Varhdan has since categorically denied speaking on this subject to Gupta in a written affidavit submitted to the court, which the amicus attributed to a lack of “biological element called spine”.
Gupta in the same hearing also told the High Court that Amrik Singh will speak up again if the CBI takes over the investigation. Since the matter is subjudice, Gupta could not discuss the case with Newslaundry.
After 18 months of investigation, there’s a frustrating lack of conclusive evidence to either prove or disprove the Murthal kaand. So far, two men from Hasanpur and three from Kurad have been accused of arson and rioting in Murthal. The police later added Section 396D (gang rape) to the FIR that was registered on the complaint of witness Bobby Joshi. The five accused — Vinay, Jitender, Jai Deep, Jasbir and Bhanu Partap — were granted bail in February this year since their DNA did not match the semen samples.
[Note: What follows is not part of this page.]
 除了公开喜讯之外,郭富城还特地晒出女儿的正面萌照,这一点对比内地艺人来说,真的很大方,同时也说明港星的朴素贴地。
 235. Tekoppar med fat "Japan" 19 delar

Of the five, Jitender, is out on bail after serving almost eight months in jail. He is 32 years old and, like most youths in the village, works in the fields. Since the case is still on, he wouldn’t comment on it but emphasised that there is no case against him. Vinay, 21, is pursuing a Bachelor’s degree at Delhi University. His family has told him to stay away from Hassanpur so that he isn’t picked up by the police again. His mother insisted Vinay has been falsely implicated and there is no proof of rape against him.
All five’s families believe the young men have been slapped with fake charges owing to the pressure on the police to catch the culprits.
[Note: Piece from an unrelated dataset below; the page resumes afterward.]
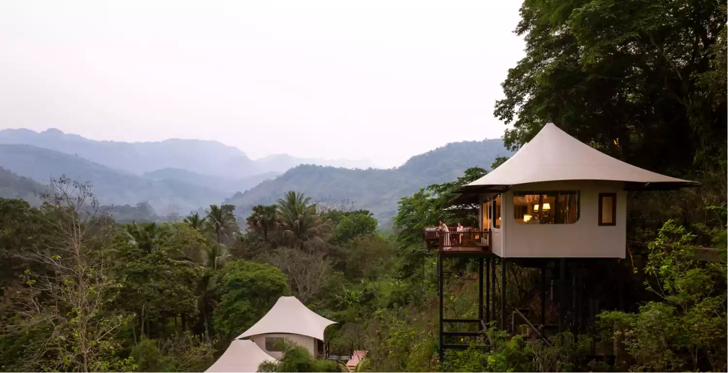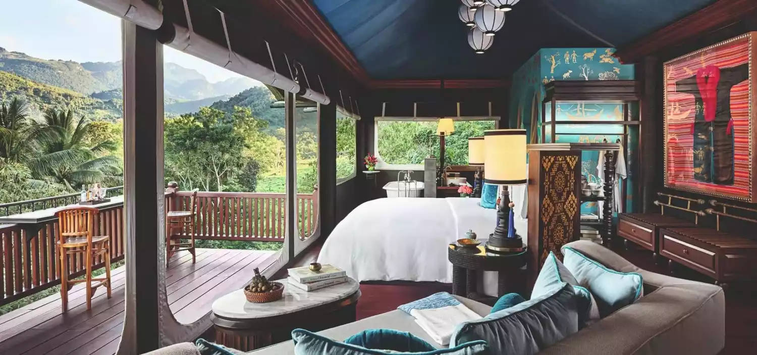 The 75-square-meter luxury tent villas feature a private dining area and wraparound deck. Laotian traditions and French colonial influences are cleverly blended throughout the hotel's design and architecture, evident in the use of indigenous materials and locally inspired artwork.

Yet, despite the absence of identifiable suspects or conclusive evidence to prove any sexual violence, everyone eventually comes round to admitting something happened on the night of February 21-22 that was a violation. Virender, a resident of Gurgaon, saw his Alto being burnt ahead of the Sukhdev Dhaba, at approximately 2 am on February 22, 2016. He was stranded for five or six hours and he remembers hearing women had been harassed.
In August, the SIT admitted that although they found no proof of rape, molestation may have happened. Additional solicitor general Tushar Mehta told the bench, “Some of them [those interviewed by SIT] have told of instances of molestation. But none has confirmed rape.” That molestation is not considered a serious enough violation to pursue and a woman must be raped for the state to consider her suffering worthy of redressal is worrying. It’s almost as though rape has been fetishised to have a special status that leads to other crimes against women being ignored.
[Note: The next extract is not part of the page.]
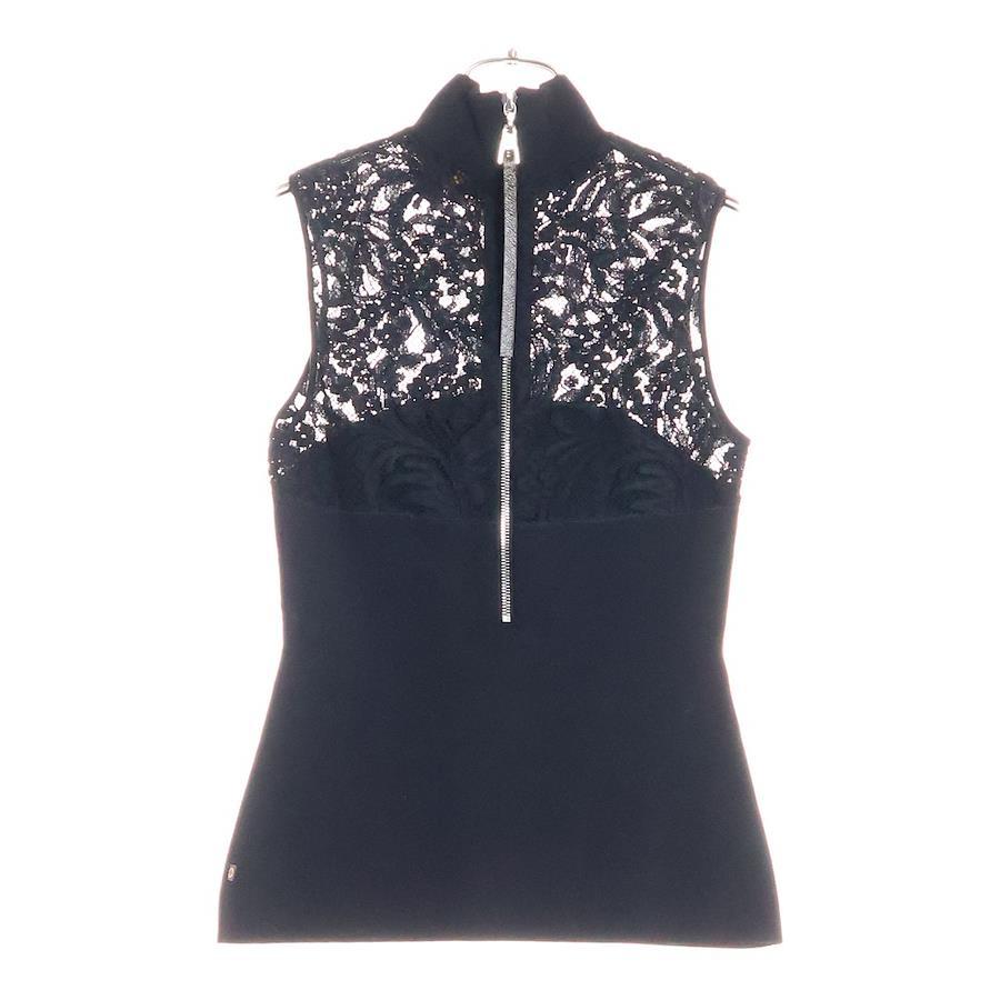 [モデル]シースルーモノグラムジップノースリーブト ップ FJKW95ZIC ブラック レディース

There’s also the question of just what the survivors of Murthal endured that night.
Sarpanch Narayan of Hassanpur told Newslaundry (while emphasising that there were no rapes that night) that he had seen some women running away from burnt cars and that they may have had their clothes torn off. He remembered one woman whose pants had “fallen off” and said that he had conducted his own enquiry by asking hotel owners along the highway about her. They told him her pants’ button had broken. How hoteliers knew about the state of this young woman’s pant button remains a mystery.